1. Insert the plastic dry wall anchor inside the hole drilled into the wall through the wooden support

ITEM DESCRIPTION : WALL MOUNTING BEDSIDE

|---|

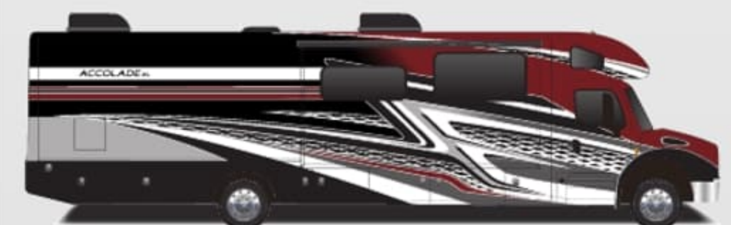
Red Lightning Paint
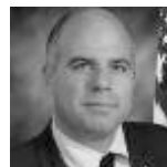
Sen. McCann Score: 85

|---|

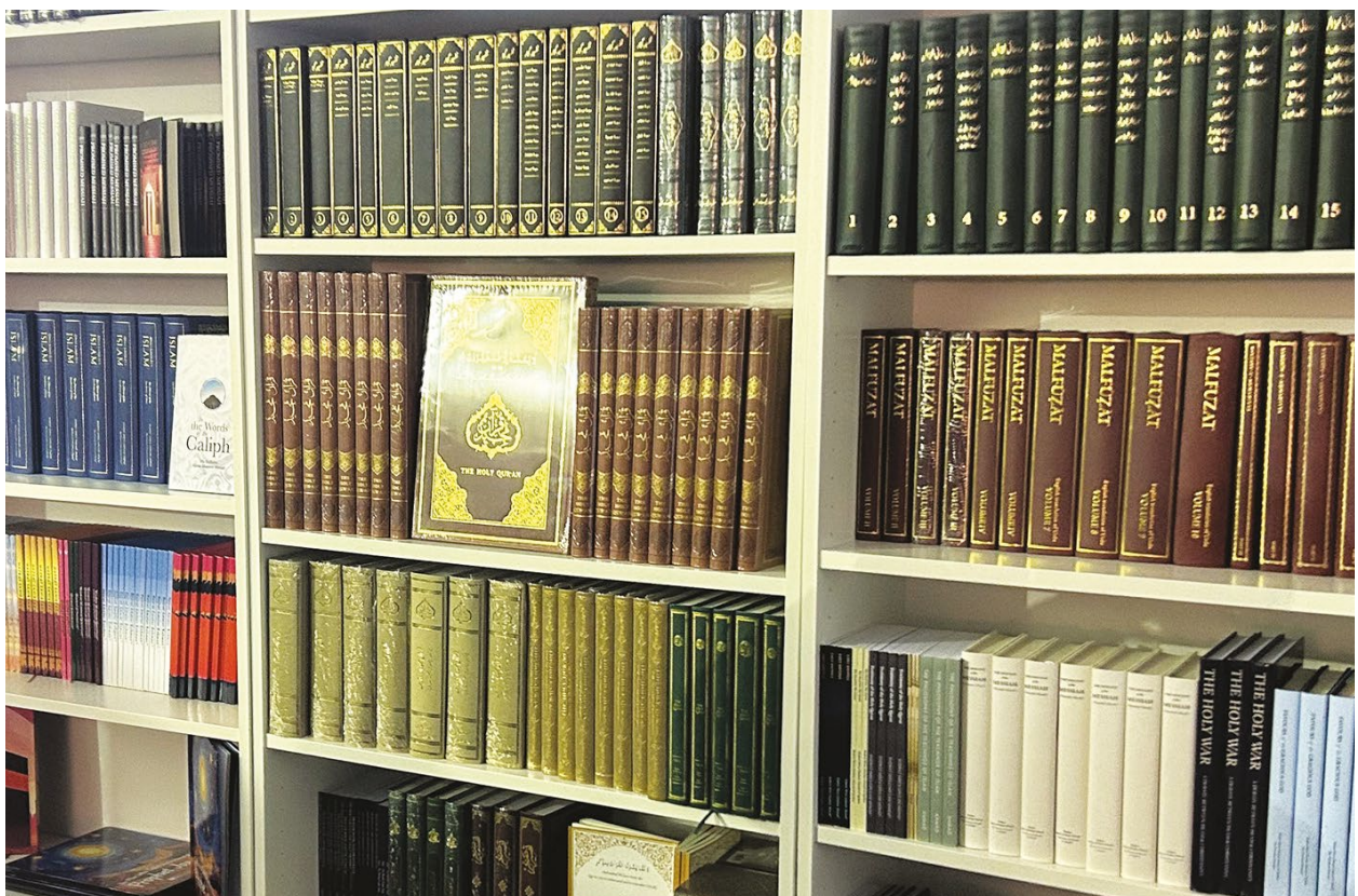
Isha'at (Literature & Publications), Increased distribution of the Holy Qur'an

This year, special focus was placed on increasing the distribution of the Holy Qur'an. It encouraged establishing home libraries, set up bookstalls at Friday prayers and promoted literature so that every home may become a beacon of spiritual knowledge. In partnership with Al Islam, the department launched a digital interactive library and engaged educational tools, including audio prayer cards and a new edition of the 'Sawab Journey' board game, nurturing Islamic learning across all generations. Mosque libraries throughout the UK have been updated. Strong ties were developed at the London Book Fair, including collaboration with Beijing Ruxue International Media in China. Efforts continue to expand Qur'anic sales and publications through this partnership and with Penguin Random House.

|---|

Work request:
Taking the entries above, write out exactly the lines starting with the line containing "1. Insert the" and going on through the line containing "ITEM DESCRIPTION : WALL MOUNTING BEDSIDE", both included, and nothing else.

Response area:
1. Insert the plastic dry wall anchor inside the hole drilled into the wall through the wooden support

ITEM DESCRIPTION : WALL MOUNTING BEDSIDE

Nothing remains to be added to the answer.